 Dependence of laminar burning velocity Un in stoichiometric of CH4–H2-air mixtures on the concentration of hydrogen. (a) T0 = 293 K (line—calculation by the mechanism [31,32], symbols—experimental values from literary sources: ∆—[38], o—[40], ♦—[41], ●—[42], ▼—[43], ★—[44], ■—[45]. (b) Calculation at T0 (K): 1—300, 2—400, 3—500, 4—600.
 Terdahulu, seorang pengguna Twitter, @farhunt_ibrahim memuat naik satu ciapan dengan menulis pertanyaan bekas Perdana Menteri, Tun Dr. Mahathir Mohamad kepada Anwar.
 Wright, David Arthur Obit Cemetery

...

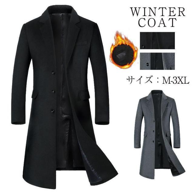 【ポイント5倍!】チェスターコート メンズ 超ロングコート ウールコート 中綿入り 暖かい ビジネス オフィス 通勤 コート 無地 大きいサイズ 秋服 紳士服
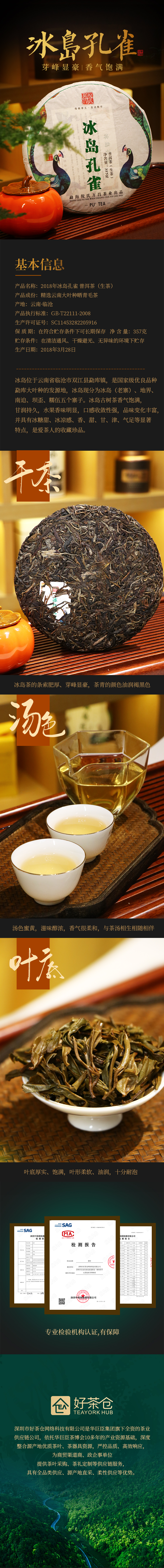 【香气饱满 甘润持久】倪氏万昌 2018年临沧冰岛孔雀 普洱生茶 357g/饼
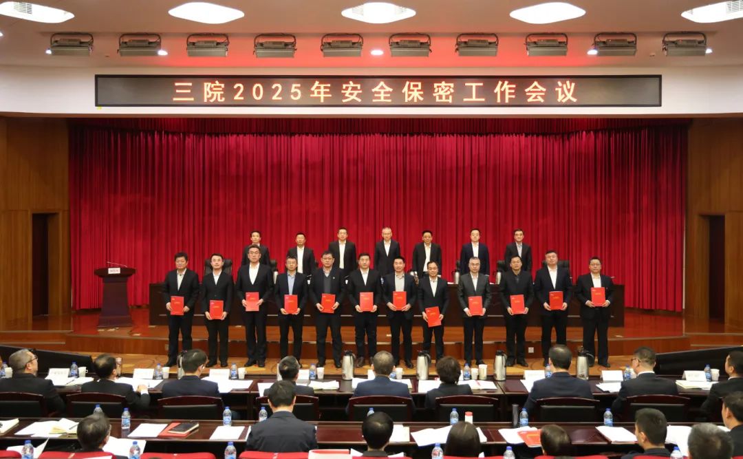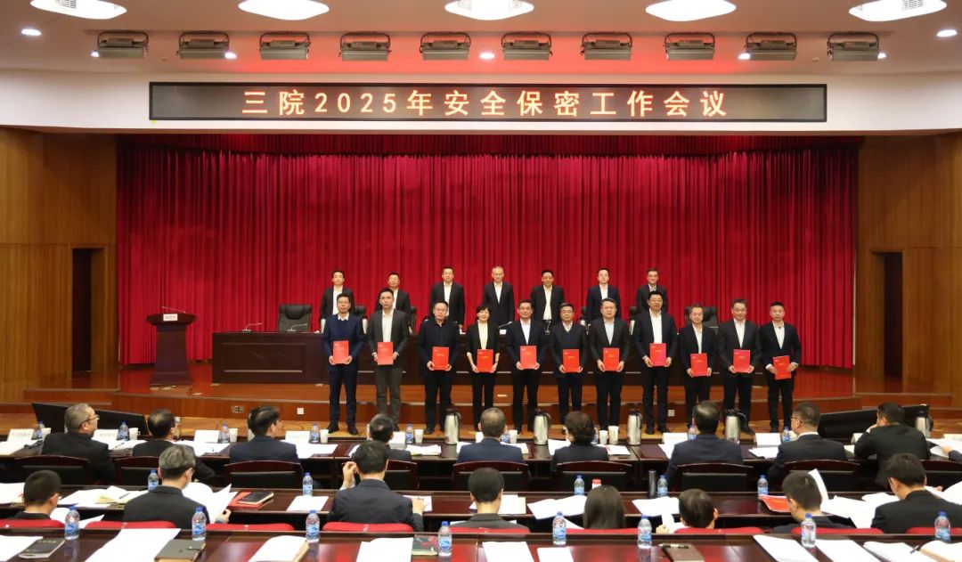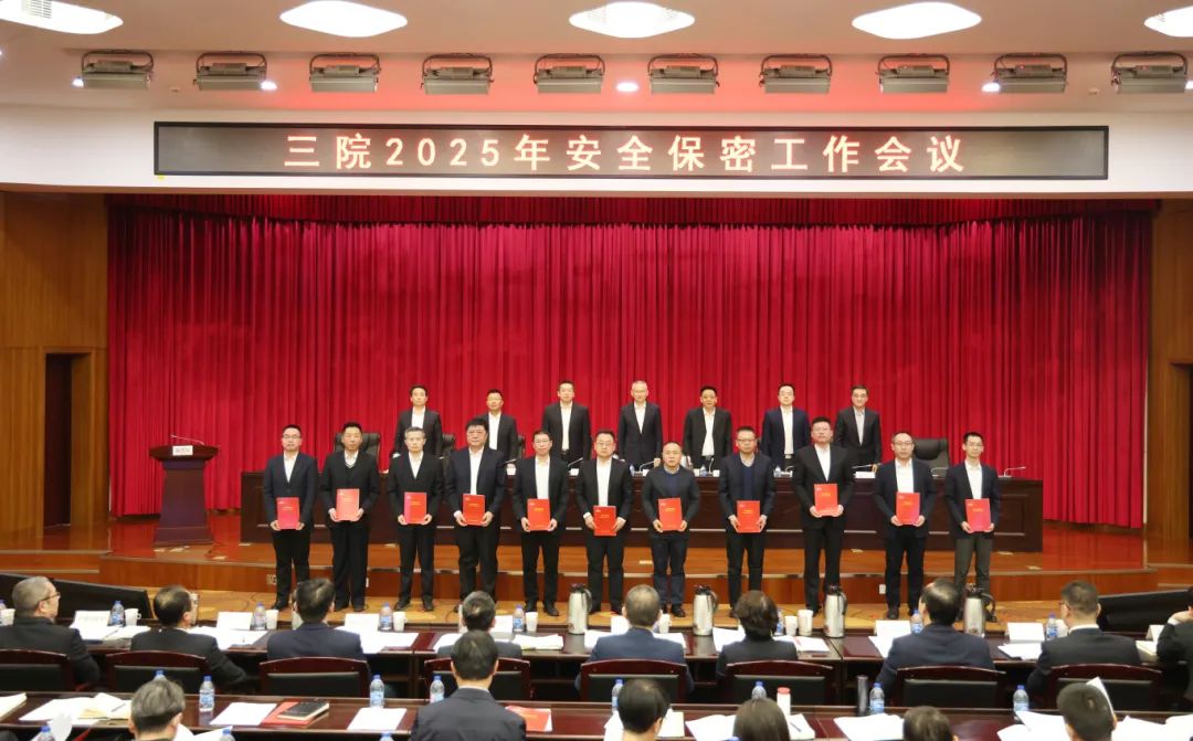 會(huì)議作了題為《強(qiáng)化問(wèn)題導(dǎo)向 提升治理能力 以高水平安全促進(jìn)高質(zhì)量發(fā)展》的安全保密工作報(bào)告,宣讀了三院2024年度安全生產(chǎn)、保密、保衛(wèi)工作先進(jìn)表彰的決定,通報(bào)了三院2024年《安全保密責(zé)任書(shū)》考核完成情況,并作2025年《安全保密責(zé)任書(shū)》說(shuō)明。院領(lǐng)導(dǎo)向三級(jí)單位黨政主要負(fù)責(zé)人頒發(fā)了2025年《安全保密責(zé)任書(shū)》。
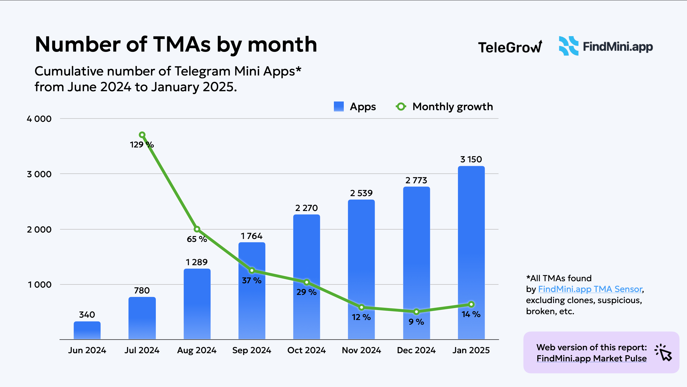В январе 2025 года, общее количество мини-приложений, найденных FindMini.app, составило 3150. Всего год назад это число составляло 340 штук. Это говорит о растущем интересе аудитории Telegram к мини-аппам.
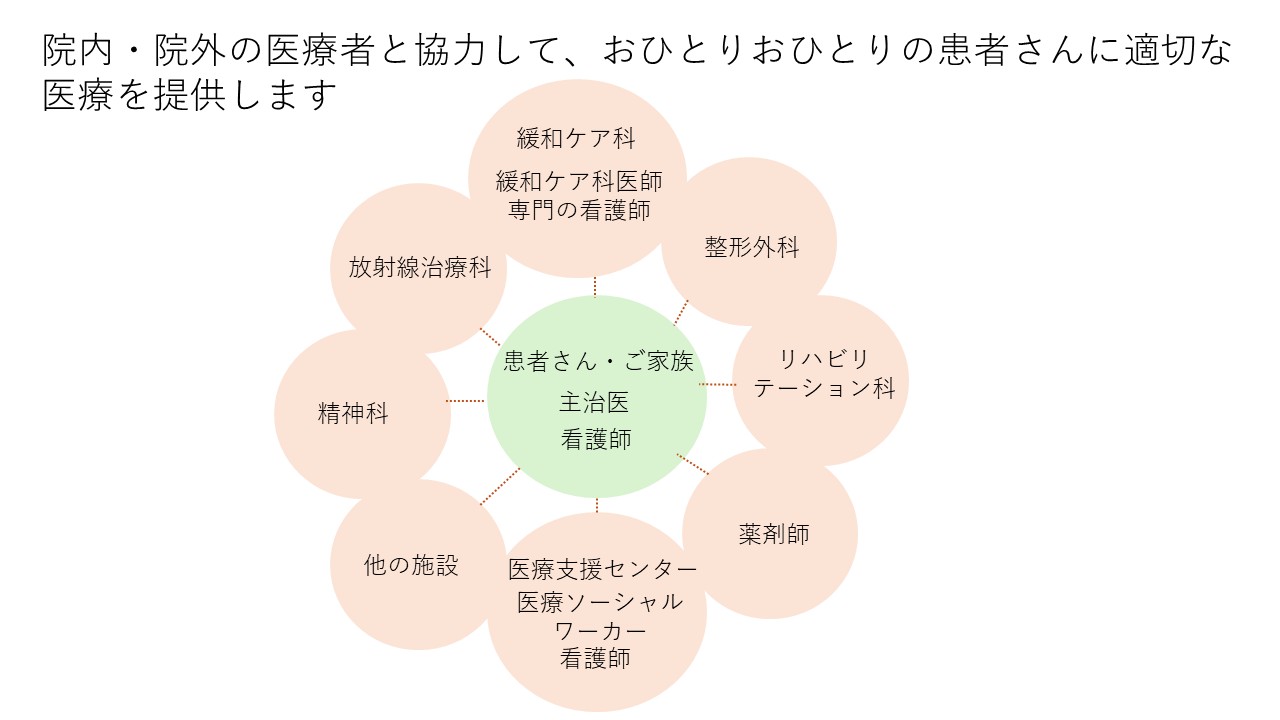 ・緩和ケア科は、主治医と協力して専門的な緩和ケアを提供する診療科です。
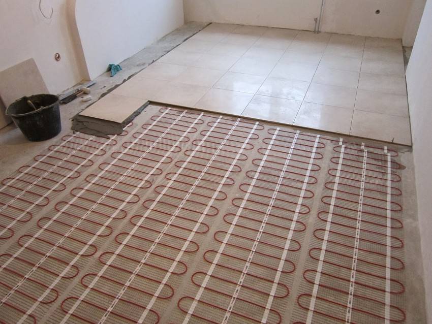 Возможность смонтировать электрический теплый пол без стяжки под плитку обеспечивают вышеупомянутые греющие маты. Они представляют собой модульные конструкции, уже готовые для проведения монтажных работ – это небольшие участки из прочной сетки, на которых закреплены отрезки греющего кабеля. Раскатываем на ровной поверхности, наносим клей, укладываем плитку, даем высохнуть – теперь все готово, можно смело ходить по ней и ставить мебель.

## Task directions
In the entries above, which lines run from the one with "2018年临沧冰岛孔雀 普洱生茶 357g/饼" up to and including the one with "Возможность смонтировать электрический"? Write them out exactly, without the pictures.

## Exercise output
 【香气饱满 甘润持久】倪氏万昌 2018年临沧冰岛孔雀 普洱生茶 357g/饼
 會(huì)議作了題為《強(qiáng)化問(wèn)題導(dǎo)向 提升治理能力 以高水平安全促進(jìn)高質(zhì)量發(fā)展》的安全保密工作報(bào)告,宣讀了三院2024年度安全生產(chǎn)、保密、保衛(wèi)工作先進(jìn)表彰的決定,通報(bào)了三院2024年《安全保密責(zé)任書(shū)》考核完成情況,并作2025年《安全保密責(zé)任書(shū)》說(shuō)明。院領(lǐng)導(dǎo)向三級(jí)單位黨政主要負(fù)責(zé)人頒發(fā)了2025年《安全保密責(zé)任書(shū)》。
В январе 2025 года, общее количество мини-приложений, найденных FindMini.app, составило 3150. Всего год назад это число составляло 340 штук. Это говорит о растущем интересе аудитории Telegram к мини-аппам.
 ・緩和ケア科は、主治医と協力して専門的な緩和ケアを提供する診療科です。
 Возможность смонтировать электрический теплый пол без стяжки под плитку обеспечивают вышеупомянутые греющие маты. Они представляют собой модульные конструкции, уже готовые для проведения монтажных работ – это небольшие участки из прочной сетки, на которых закреплены отрезки греющего кабеля. Раскатываем на ровной поверхности, наносим клей, укладываем плитку, даем высохнуть – теперь все готово, можно смело ходить по ней и ставить мебель.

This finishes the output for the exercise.